KOLU
- Pasco, Washington; United States;
- Frequency: 90.1 MHz
- Branding: Christian Family Radio

Programming
- Format: Conservative Christian radio

Ownership
- Owner: First Baptist Church of Riverview

History
- First air date: September 1, 1971

Technical information
- Licensing authority: FCC
- Facility ID: 56615
- Class: C1
- ERP: 39,000 watts
- HAAT: 305 meters (1,001 ft)
- Transmitter coordinates: 46°4′59.00″N 119°9′38.00″W﻿ / ﻿46.0830556°N 119.1605556°W
- Translators: 88.9 K205FT (Yakima) 89.5 MHz K208BY (Moses Lake) 92.3 K222BP (Prosser) 93.7 K229BN (La Grande, OR)
- Repeaters: 90.9 KOLX (Warden) 89.5 KGCF (Aberdeen)

Links
- Public license information: Public file; LMS;
- Webcast: Listen Live
- Website: kolu.com

= KOLU =

KOLU (90.1 FM) is a radio station broadcasting a Conservative Christian radio format.

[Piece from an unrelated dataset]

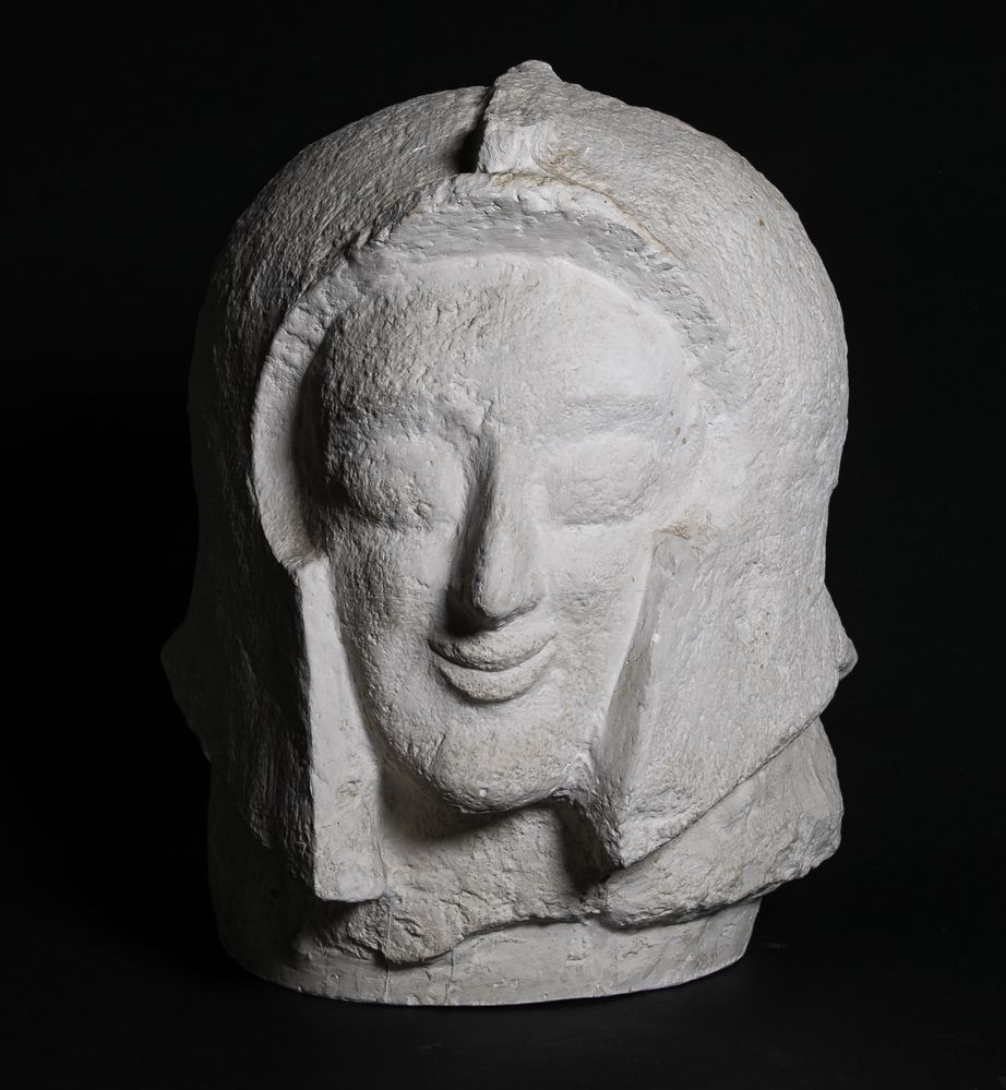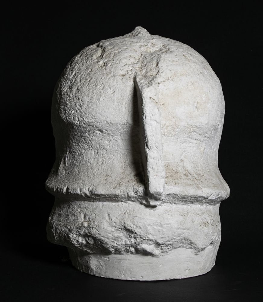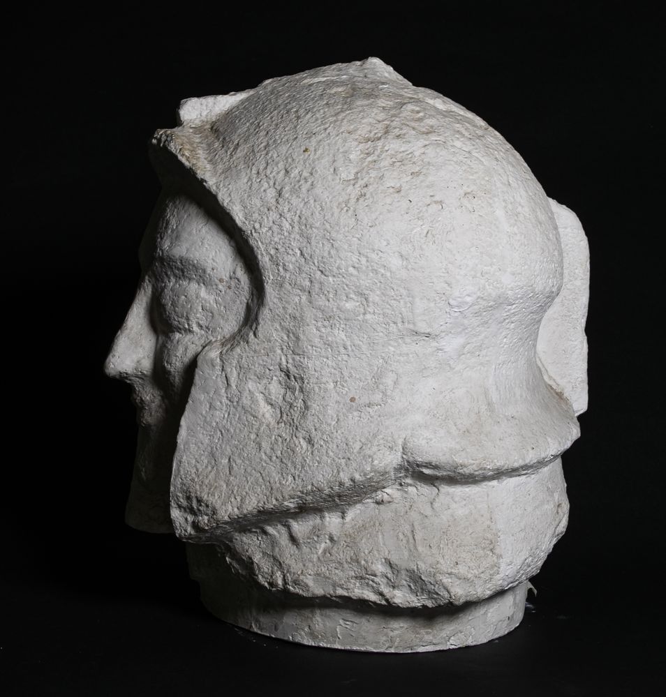 Manifattura italiana del XIX secolo - XX secolo. Calco in gesso raffigurante testa di guerriero etrusco. Cm 47x35x39.

Licensed to Pasco, Washington, United States, the station is currently owned by First Baptist Church of Riverview.

==History==
In January 1971, Riverview Baptist Christian Schools applied for a permit for this station, and KOLU began broadcasting on September 1, 1971.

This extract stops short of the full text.